- **ASSIGNMENT**
Repeat all the records exactly, omitting pictures.

[Records from a data collection]
------
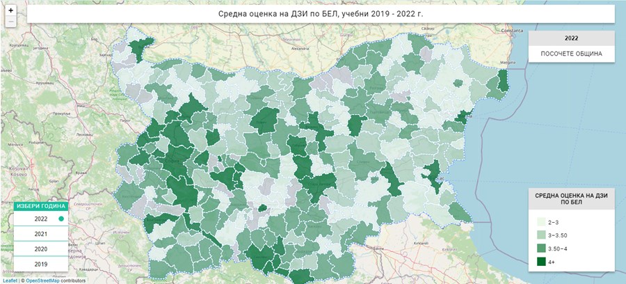 През изминалата година по БЕЛ най-високи са оценките в общините Челопеч (5,02), Божурище (4,77), Драгоман (4,76), Златоград (4,71) и Стралджа (4,66), като и в петте общини броят на явилите се ученици е сравнително малък. Сред по-големите градски центрове най-добре се представят столицата (седмо място с оценка 4,43), Пловдив (осмо място с оценка 4,31) и Велико Търново (девето място с оценка 4,30).
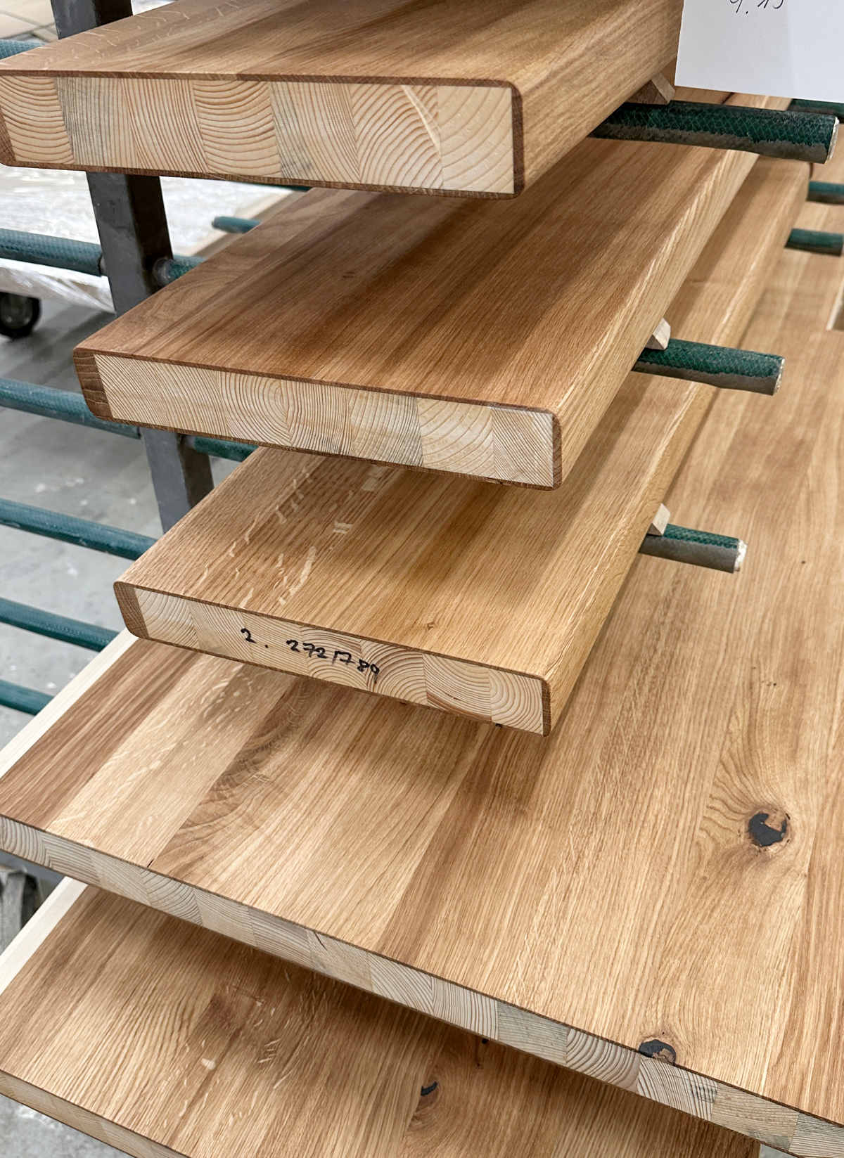 Eine Besonderheit bietet FHS mit der »F-Eiche« für Treppenstufen und Tisch- und Arbeitsplatten: Ca 3.5 mm starkes Eiche-Sägefurnier bildet an Ober- und Unterseite eines Kerns aus massiver keilgezinkter Fichte eine edle, robuste und langlebige Nutzschicht. Für die Montage zwischen Holz- oder Stahlwangen bzw. zwischen Wänden erhalten die Stufen massive Eiche-Anleimer in vorne ca. 20 mm und hinten ca. 4 mm Stärke. Sofern auch die Seiten der Stufen nach der Montage sichtbar sein sollen – z.B. für Stufen auf Beton oder Stahlholmtreppen – wird die keilgezinkte Fichte an den Seiten zusätzlich mit Hirnholz in Eiche veredelt. Dieses ist ca. 5 cm tief und kann bei Bedarf auch noch etwas gekürzt werden. Die Seiten der Tisch- und Arbeitsplatten werden nach Vorgabe gefertigt. So sind die Stufen oder Platten von reinen Eiche-Elementen kaum mehr zu unterscheiden! Der Vorteil: die »F-Eiche« ist nicht nur günstiger als massive Eiche, die Stufen und Platten sind auch deutlich leichter und daher einfacher zu handhaben. Bei größeren Flächen wie Tischplatten oder Podeste minimiert sich die Neigung zum Verwerfen oder Reißen. Das Verfahren ist auch für andere teure Holzarten anwendbar, z.B. für Räuchereiche oder Amerikanischen Nussbaum.
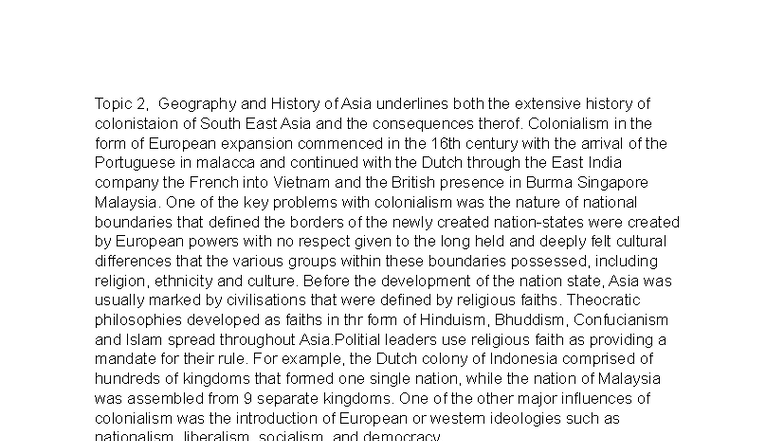 Geography and History of Asia: Colonialism and Its Impact (GHA 102 ...
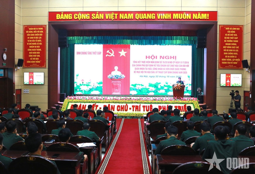 Về nội dung thực hiện Nghị định số 76/2016/NĐ-CP, báo cáo tại hội nghị chỉ rõ, nhờ sự lãnh đạo, chỉ đạo của Quân ủy Trung ương, Bộ Quốc phòng, Binh chủng TTG vượt qua nhiều khó khăn do tổ chức đơn vị phân tán, biên chế mỏng; do thiên tai, dịch bệnh, giá thị trường biến động. Các đầu mối đơn vị trong toàn binh chủng đã bảo đảm quân nhu đầy đủ, định lượng ăn vượt 3.200-3.500 kcal/người/ngày, 100% đơn vị đạt "Đơn vị nuôi quân giỏi, quản lý quân nhu tốt"; cung cấp quân trang kịp thời, đúng quy định... Phát huy những kết quả đã đạt được, trong thời gian tới, Binh chủng TTG cần phấn đấu tăng định mức vật chất, quân trang dã chiến, đồ vải quân y; bổ sung diện tích kho, tủ tài liệu; tăng cường hỗ trợ y tế cho quân nhân...
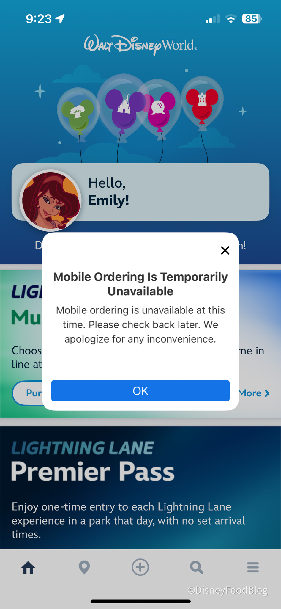 We’ve got bad news if you’re at Disney World today — the Mobile Order feature on the My Disney Experience app, which allows you to order food from your phone and go pick it up, is currently down.
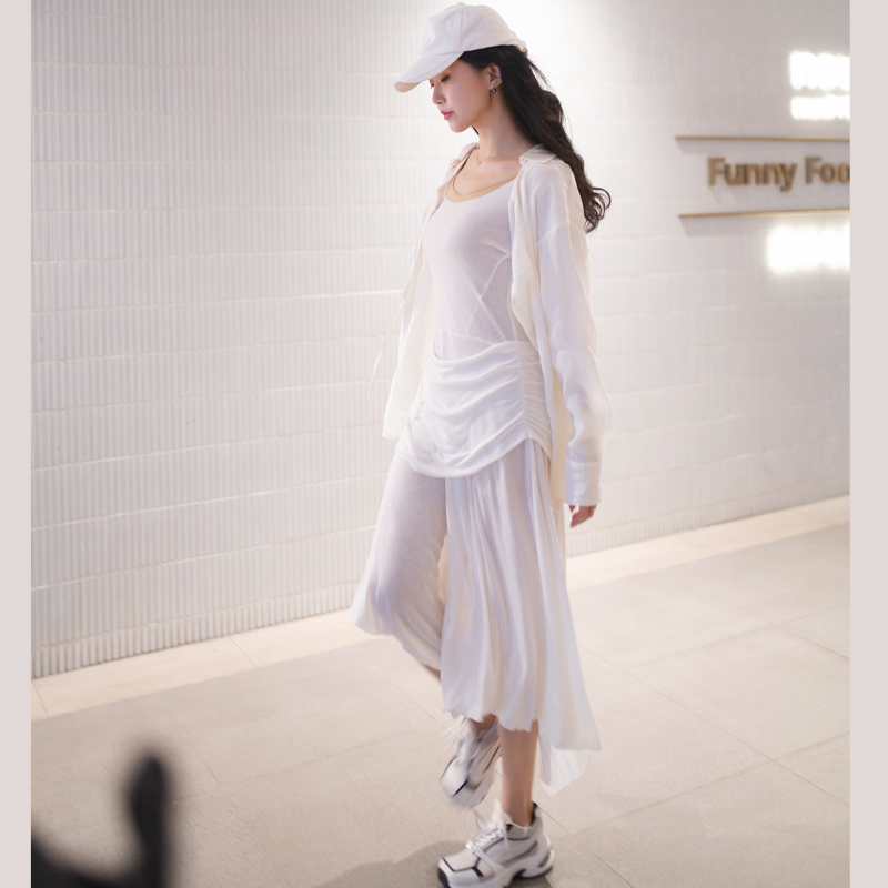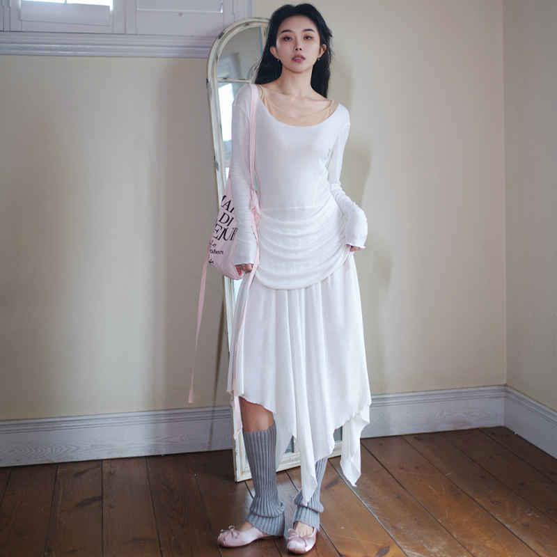 芭蕾风天丝两件套轻薄不规则长裙
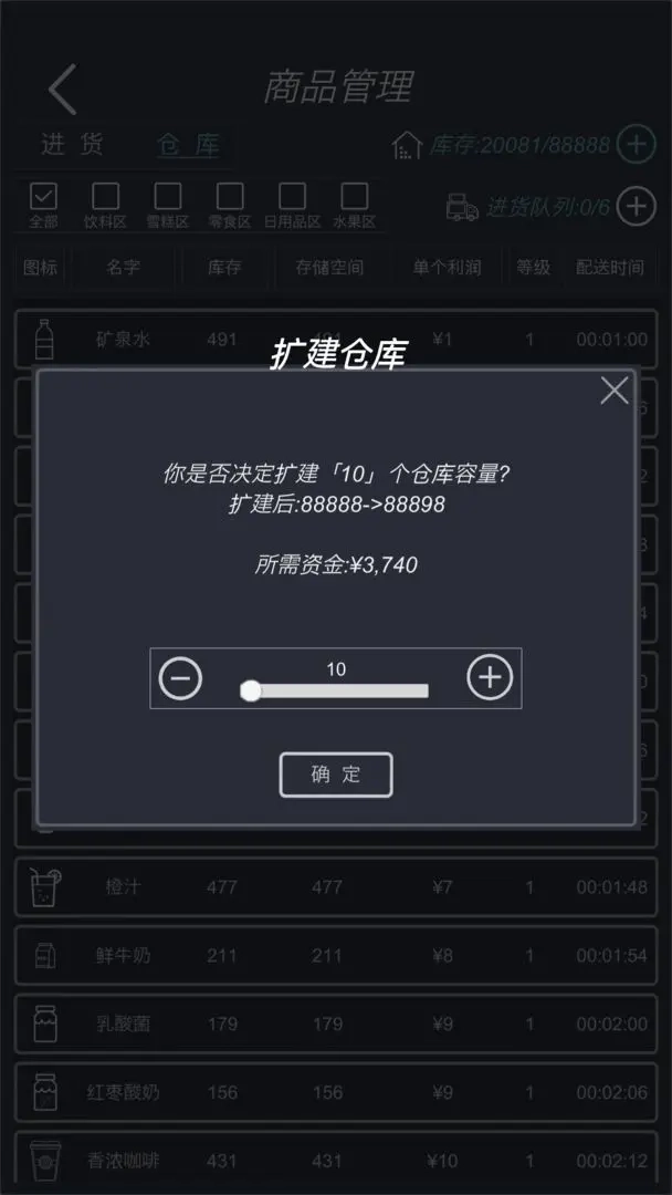 3.玩家依据初始资金,采购日常商品上架售卖,开启经营。
------
- **EXERCISE SOLUTION**
 През изминалата година по БЕЛ най-високи са оценките в общините Челопеч (5,02), Божурище (4,77), Драгоман (4,76), Златоград (4,71) и Стралджа (4,66), като и в петте общини броят на явилите се ученици е сравнително малък. Сред по-големите градски центрове най-добре се представят столицата (седмо място с оценка 4,43), Пловдив (осмо място с оценка 4,31) и Велико Търново (девето място с оценка 4,30).
 Eine Besonderheit bietet FHS mit der »F-Eiche« für Treppenstufen und Tisch- und Arbeitsplatten: Ca 3.5 mm starkes Eiche-Sägefurnier bildet an Ober- und Unterseite eines Kerns aus massiver keilgezinkter Fichte eine edle, robuste und langlebige Nutzschicht. Für die Montage zwischen Holz- oder Stahlwangen bzw. zwischen Wänden erhalten die Stufen massive Eiche-Anleimer in vorne ca. 20 mm und hinten ca. 4 mm Stärke. Sofern auch die Seiten der Stufen nach der Montage sichtbar sein sollen – z.B. für Stufen auf Beton oder Stahlholmtreppen – wird die keilgezinkte Fichte an den Seiten zusätzlich mit Hirnholz in Eiche veredelt. Dieses ist ca. 5 cm tief und kann bei Bedarf auch noch etwas gekürzt werden. Die Seiten der Tisch- und Arbeitsplatten werden nach Vorgabe gefertigt. So sind die Stufen oder Platten von reinen Eiche-Elementen kaum mehr zu unterscheiden! Der Vorteil: die »F-Eiche« ist nicht nur günstiger als massive Eiche, die Stufen und Platten sind auch deutlich leichter und daher einfacher zu handhaben. Bei größeren Flächen wie Tischplatten oder Podeste minimiert sich die Neigung zum Verwerfen oder Reißen. Das Verfahren ist auch für andere teure Holzarten anwendbar, z.B. für Räuchereiche oder Amerikanischen Nussbaum.
 Geography and History of Asia: Colonialism and Its Impact (GHA 102 ...
 Về nội dung thực hiện Nghị định số 76/2016/NĐ-CP, báo cáo tại hội nghị chỉ rõ, nhờ sự lãnh đạo, chỉ đạo của Quân ủy Trung ương, Bộ Quốc phòng, Binh chủng TTG vượt qua nhiều khó khăn do tổ chức đơn vị phân tán, biên chế mỏng; do thiên tai, dịch bệnh, giá thị trường biến động. Các đầu mối đơn vị trong toàn binh chủng đã bảo đảm quân nhu đầy đủ, định lượng ăn vượt 3.200-3.500 kcal/người/ngày, 100% đơn vị đạt "Đơn vị nuôi quân giỏi, quản lý quân nhu tốt"; cung cấp quân trang kịp thời, đúng quy định... Phát huy những kết quả đã đạt được, trong thời gian tới, Binh chủng TTG cần phấn đấu tăng định mức vật chất, quân trang dã chiến, đồ vải quân y; bổ sung diện tích kho, tủ tài liệu; tăng cường hỗ trợ y tế cho quân nhân...
 We’ve got bad news if you’re at Disney World today — the Mobile Order feature on the My Disney Experience app, which allows you to order food from your phone and go pick it up, is currently down.
 芭蕾风天丝两件套轻薄不规则长裙
 3.玩家依据初始资金,采购日常商品上架售卖,开启经营。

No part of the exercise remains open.